═════ Data extracts

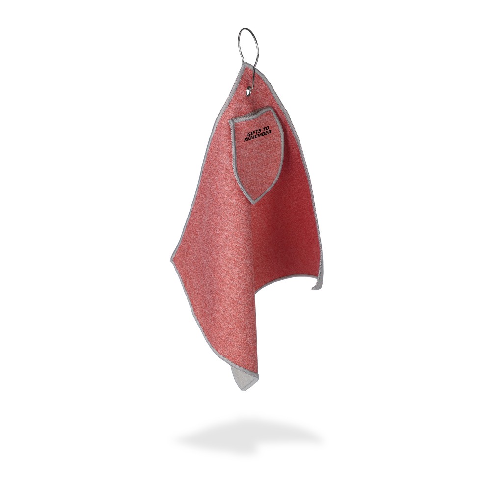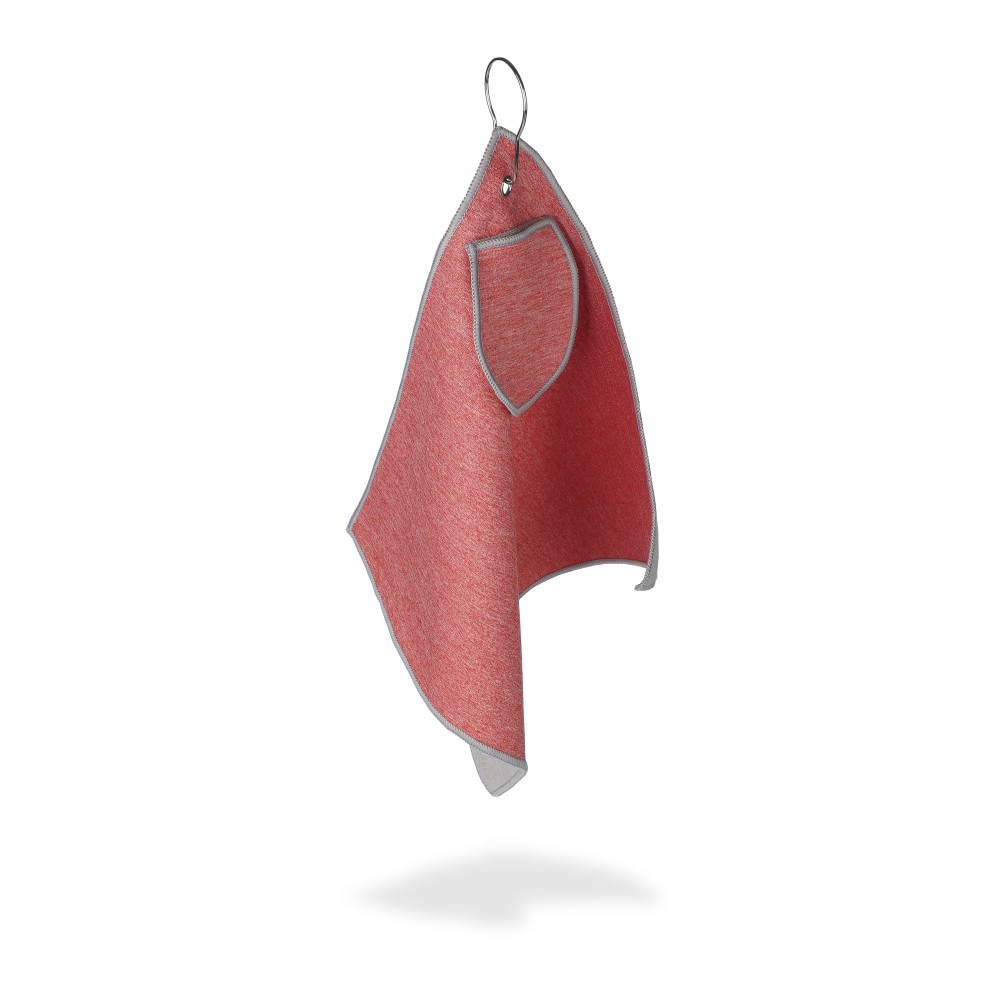 rPET golftörölköző tartozék labdatartó tokkal. A fém kampó segítségével könnyen a táskához csatlakoztatható. Belül rPET címkével. Mosógépben alacsony hőmérsékleten mosható.
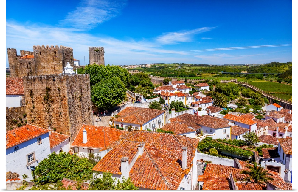 <p>Castle Wals Turrets Towers Medieval Town Obidos Portugal. Castle and walls built in 11th century after town taken from the Moors.</p>
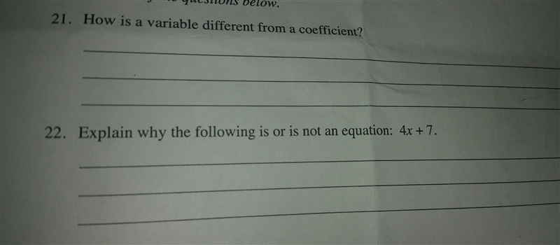 22: 4x + 7 is an *expression*. In order to make it an equation, we’d have to, well, set it equal to something! All equations require something to be equal to something else, so a statement like 4x + 7 = 23 would be an equation, but 4x + 7 on its own is not.
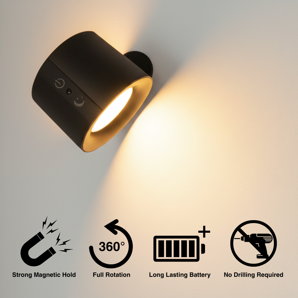 With 3 colour settings (warm, natural and cool), adjustable brightness and 360° magnetic rotation.
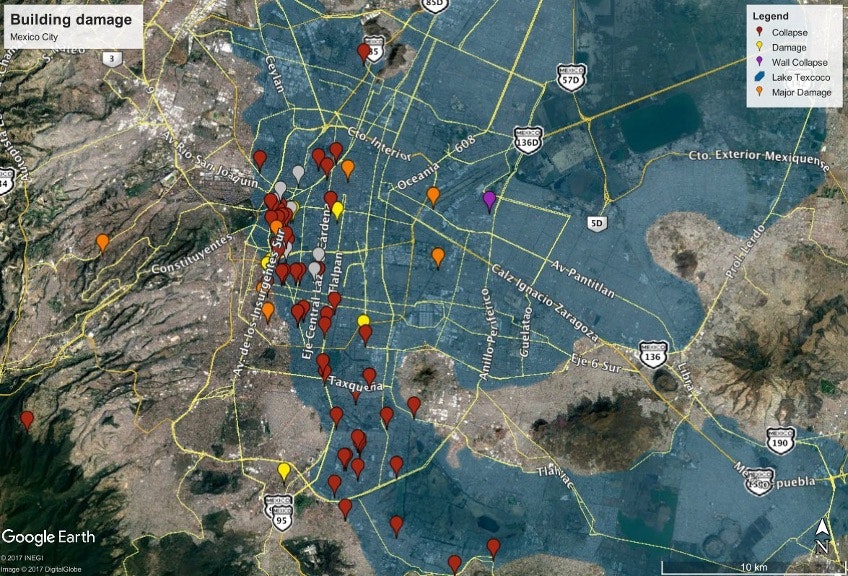 The hollow soil under Mexico City is composed of clay, debris, Mexica ruins and volcanic rock, which causes the surface layers to subside at different rates and locations. Many parts of the city, but especially the eastern margins of Tláhuac and Iztapalapa, sink into the soft earth at a rate of almost a foot a year. When regions with differential rates of subsidence abut one another, they form “grietas,” or fissures. They are especially common in the central and eastern parts of the city, where they split roads down the middle and cut into the foundations of buildings. These grietas fracture violently during earthquakes, while the loose soils elsewhere liquefy, following the ancient waterways and amplifying the seismic waves beyond the tremor that produced them.
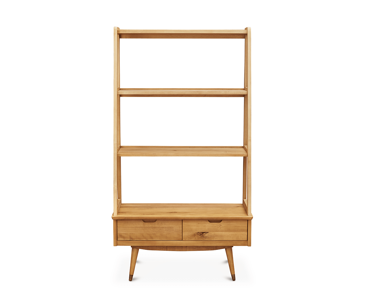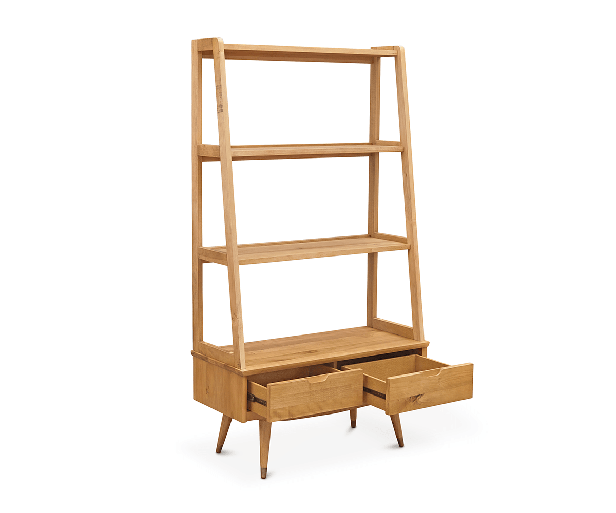 True Scandinavian character shines in the Bolig large leaning bookcase. Clean lines, angled perfectly form the shelves of graduating depths, while two drawers layer in convenient storage. Supported by graceful, tapered legs, this functional piece is crafted from solid American poplar with a distressed finish. The rustic reclaimed look of this collection is achieved through an intentional distressing technique that applies burn and saw marks to the surface while retaining and highlighting natural characteristics in the wood. This technique results in a reclaimed driftwood appearance, which adds personality and a one-of-a-kind uniqueness to each piece.
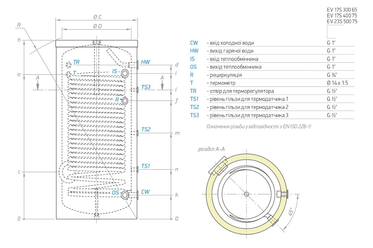 Накопичувальний водонагрівач Tesy EV 17S 300 65 F41 TP3 - підлоговий бойлер непрямого нагріву з баком циліндричної форми з емальованої сталі, змієподібним теплообмінником та аналоговим керуванням.
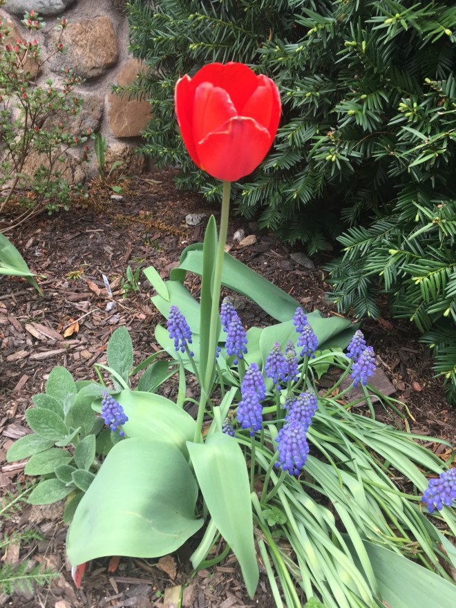 Red Tulip and Muscari or Grape Hyacyinth.
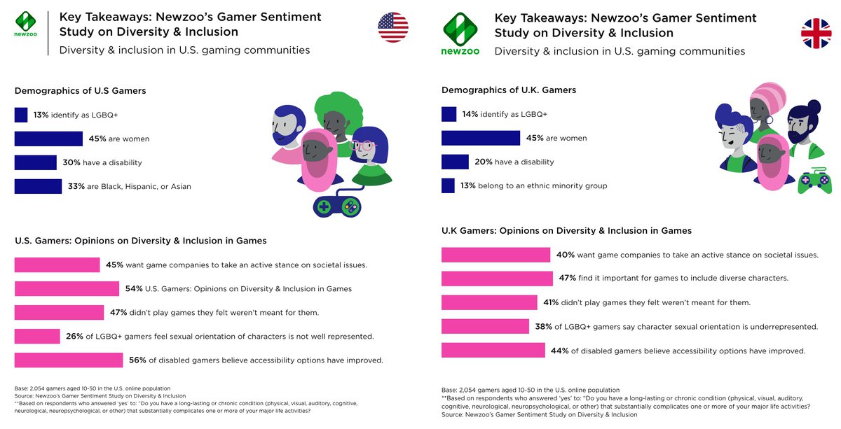 Исследовательская компания Newzoo провела среди британских и американских игроков опрос, посвященный инклюзивности и разнообразию героев игр. Примерно половина опрошенных игроков в каждой из стран высказалась за более инклюзивные игры.

══════════

Task objective >> Please extract exactly the lines of the data, from the first through the line containing "The hollow soil", and add no pictures to the copy.

Exercise solution >>
 rPET golftörölköző tartozék labdatartó tokkal. A fém kampó segítségével könnyen a táskához csatlakoztatható. Belül rPET címkével. Mosógépben alacsony hőmérsékleten mosható.
 <p>Castle Wals Turrets Towers Medieval Town Obidos Portugal. Castle and walls built in 11th century after town taken from the Moors.</p>
 22: 4x + 7 is an *expression*. In order to make it an equation, we’d have to, well, set it equal to something! All equations require something to be equal to something else, so a statement like 4x + 7 = 23 would be an equation, but 4x + 7 on its own is not.
 With 3 colour settings (warm, natural and cool), adjustable brightness and 360° magnetic rotation.
 The hollow soil under Mexico City is composed of clay, debris, Mexica ruins and volcanic rock, which causes the surface layers to subside at different rates and locations. Many parts of the city, but especially the eastern margins of Tláhuac and Iztapalapa, sink into the soft earth at a rate of almost a foot a year. When regions with differential rates of subsidence abut one another, they form “grietas,” or fissures. They are especially common in the central and eastern parts of the city, where they split roads down the middle and cut into the foundations of buildings. These grietas fracture violently during earthquakes, while the loose soils elsewhere liquefy, following the ancient waterways and amplifying the seismic waves beyond the tremor that produced them.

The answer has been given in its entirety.